## TASK TO CARRY OUT
Range to copy from the entries below: the line containing "sombres ou squelettiques." through the line containing "Sun Kim, a division", inclusive. Retype only those lines, exactly, without any images.

## EXTRACTED ENTRIES
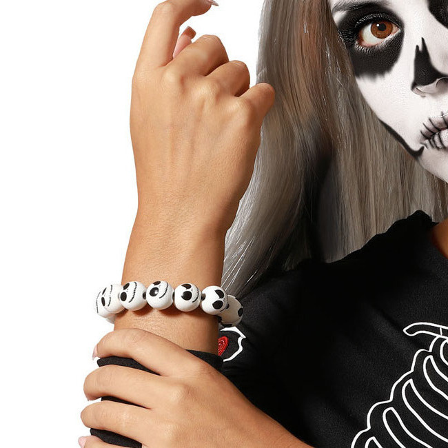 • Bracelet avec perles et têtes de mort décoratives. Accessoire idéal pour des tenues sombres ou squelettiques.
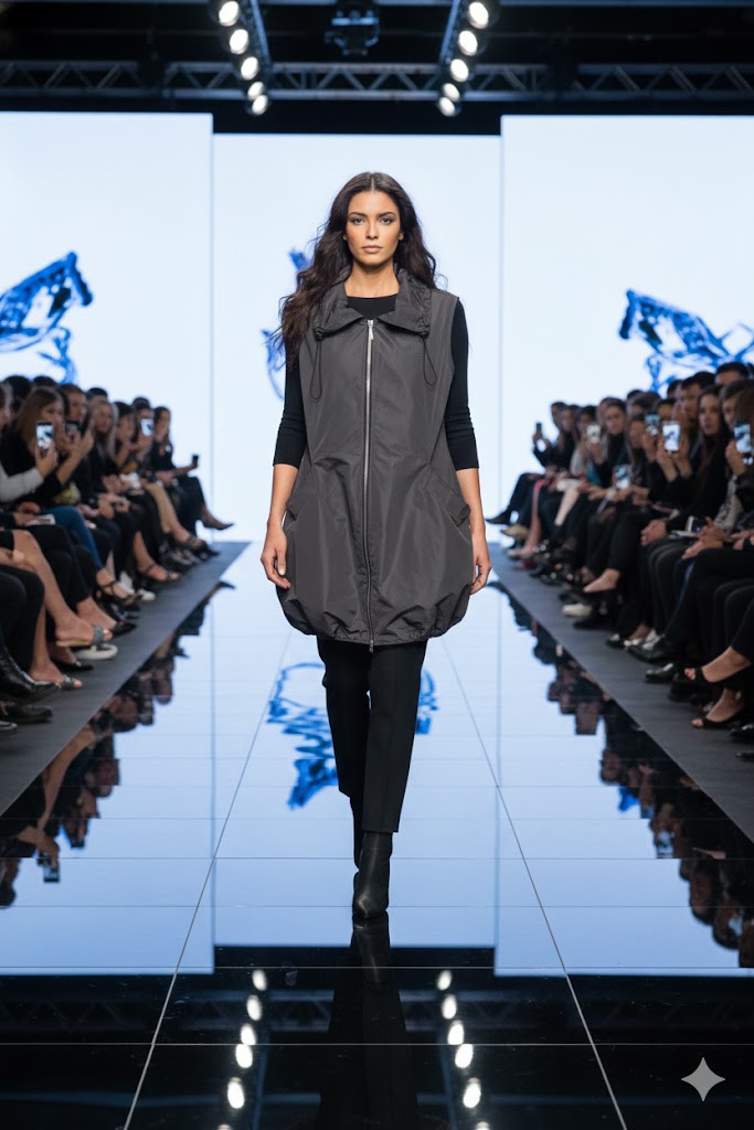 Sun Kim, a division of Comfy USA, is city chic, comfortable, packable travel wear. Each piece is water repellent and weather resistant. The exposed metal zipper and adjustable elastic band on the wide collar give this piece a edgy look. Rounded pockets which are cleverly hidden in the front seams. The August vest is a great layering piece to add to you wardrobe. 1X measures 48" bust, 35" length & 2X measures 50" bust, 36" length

==

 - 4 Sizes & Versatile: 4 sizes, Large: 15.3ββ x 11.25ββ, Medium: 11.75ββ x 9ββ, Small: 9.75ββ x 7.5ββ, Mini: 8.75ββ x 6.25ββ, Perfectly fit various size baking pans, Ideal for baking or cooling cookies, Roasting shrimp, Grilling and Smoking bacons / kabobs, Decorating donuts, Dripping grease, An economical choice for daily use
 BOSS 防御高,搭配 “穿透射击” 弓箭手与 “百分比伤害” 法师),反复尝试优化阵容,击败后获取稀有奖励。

...

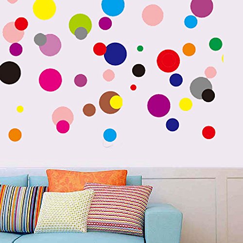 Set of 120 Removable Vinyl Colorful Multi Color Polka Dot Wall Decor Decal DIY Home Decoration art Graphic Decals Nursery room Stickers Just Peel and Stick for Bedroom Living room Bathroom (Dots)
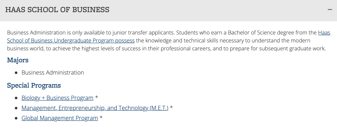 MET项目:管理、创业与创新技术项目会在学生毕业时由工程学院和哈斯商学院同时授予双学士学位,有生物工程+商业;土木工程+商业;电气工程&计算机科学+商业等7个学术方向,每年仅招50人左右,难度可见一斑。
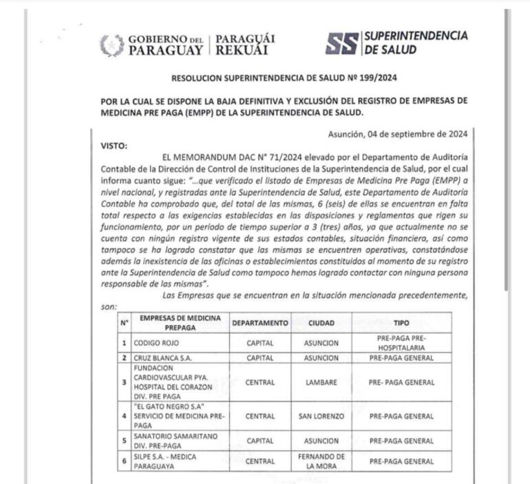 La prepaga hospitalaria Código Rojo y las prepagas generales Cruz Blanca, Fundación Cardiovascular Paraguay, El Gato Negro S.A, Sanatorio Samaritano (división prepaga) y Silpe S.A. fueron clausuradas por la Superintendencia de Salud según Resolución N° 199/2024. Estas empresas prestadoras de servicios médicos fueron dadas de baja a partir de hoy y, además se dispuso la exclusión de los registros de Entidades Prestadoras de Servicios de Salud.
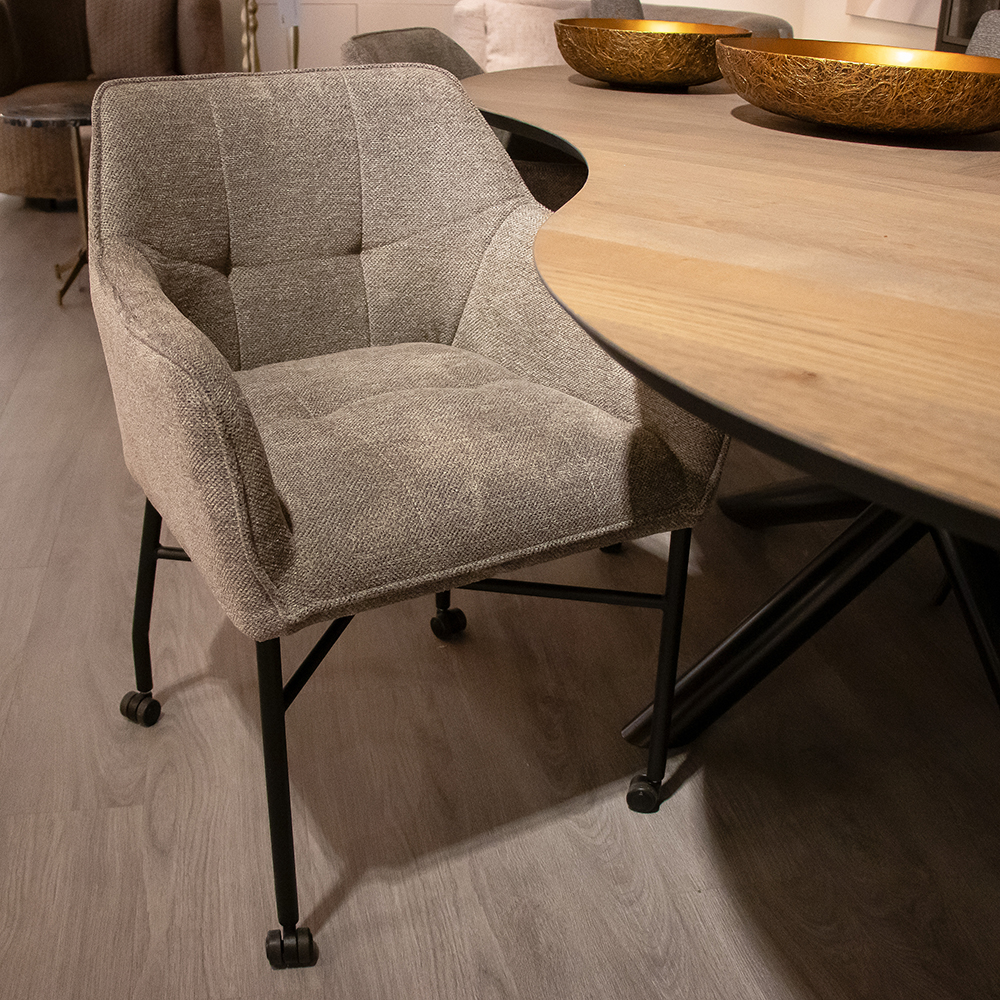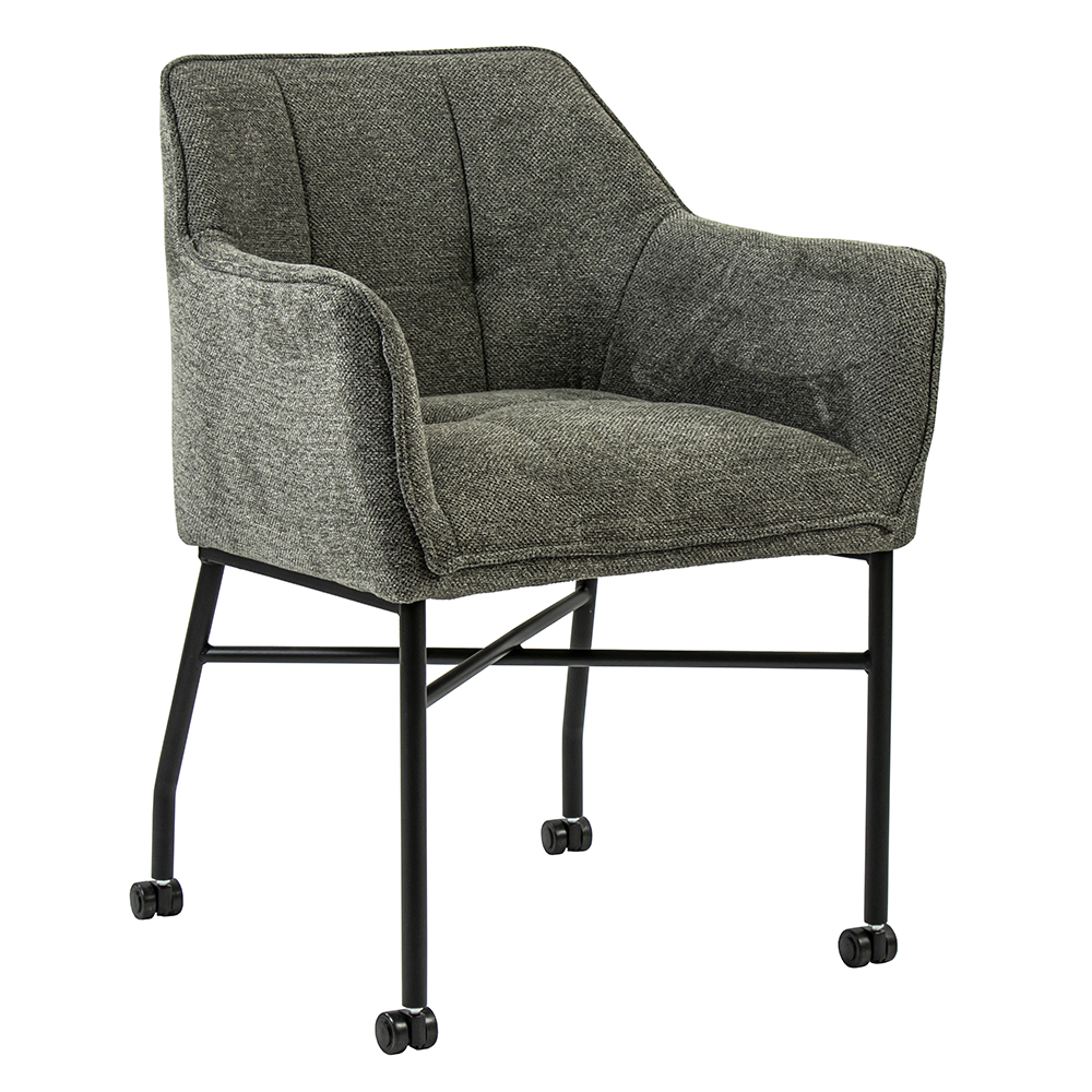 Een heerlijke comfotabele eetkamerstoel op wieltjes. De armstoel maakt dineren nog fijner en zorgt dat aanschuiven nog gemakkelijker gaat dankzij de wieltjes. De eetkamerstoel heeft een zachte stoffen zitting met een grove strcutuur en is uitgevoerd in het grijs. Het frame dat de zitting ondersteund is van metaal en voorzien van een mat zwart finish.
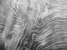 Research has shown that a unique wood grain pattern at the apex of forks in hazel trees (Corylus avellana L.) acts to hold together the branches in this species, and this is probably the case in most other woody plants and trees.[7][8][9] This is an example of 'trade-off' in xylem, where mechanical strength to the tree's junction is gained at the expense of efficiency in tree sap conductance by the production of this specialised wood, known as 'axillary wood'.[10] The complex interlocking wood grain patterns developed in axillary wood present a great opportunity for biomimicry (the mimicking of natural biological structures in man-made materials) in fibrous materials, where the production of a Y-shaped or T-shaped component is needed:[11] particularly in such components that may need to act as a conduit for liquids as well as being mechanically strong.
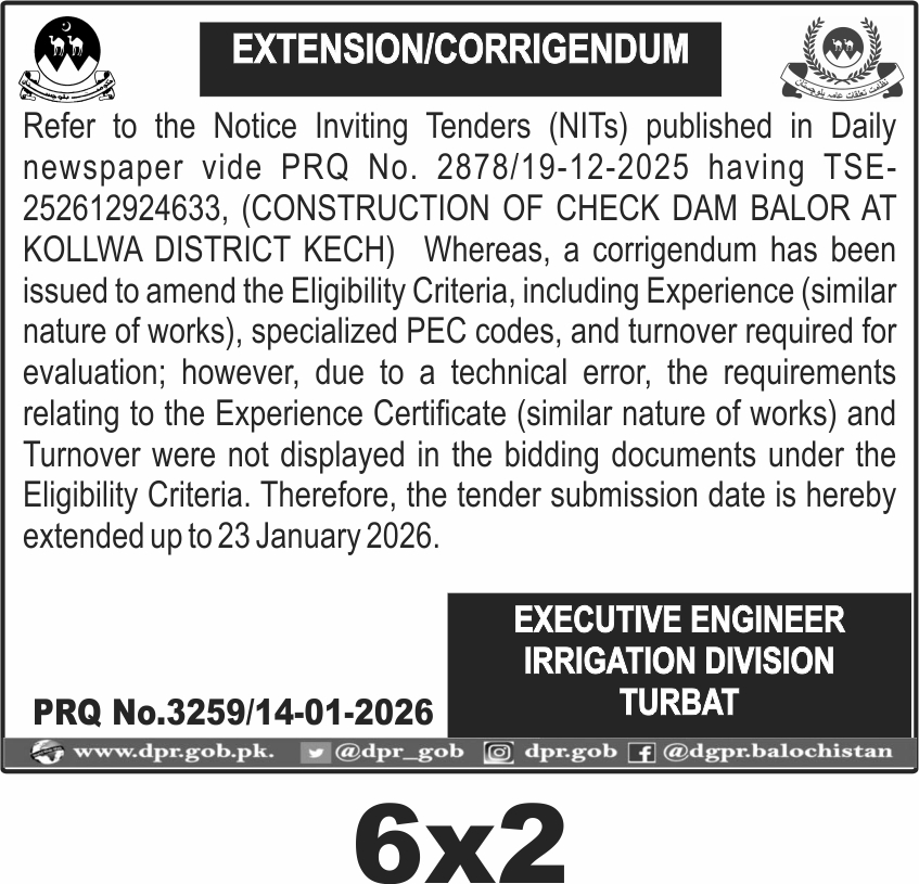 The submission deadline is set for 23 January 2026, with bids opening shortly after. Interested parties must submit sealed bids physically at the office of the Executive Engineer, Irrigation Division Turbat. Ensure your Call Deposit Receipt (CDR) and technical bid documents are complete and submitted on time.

## REPLY
 • Bracelet avec perles et têtes de mort décoratives. Accessoire idéal pour des tenues sombres ou squelettiques.
 Sun Kim, a division of Comfy USA, is city chic, comfortable, packable travel wear. Each piece is water repellent and weather resistant. The exposed metal zipper and adjustable elastic band on the wide collar give this piece a edgy look. Rounded pockets which are cleverly hidden in the front seams. The August vest is a great layering piece to add to you wardrobe. 1X measures 48" bust, 35" length & 2X measures 50" bust, 36" length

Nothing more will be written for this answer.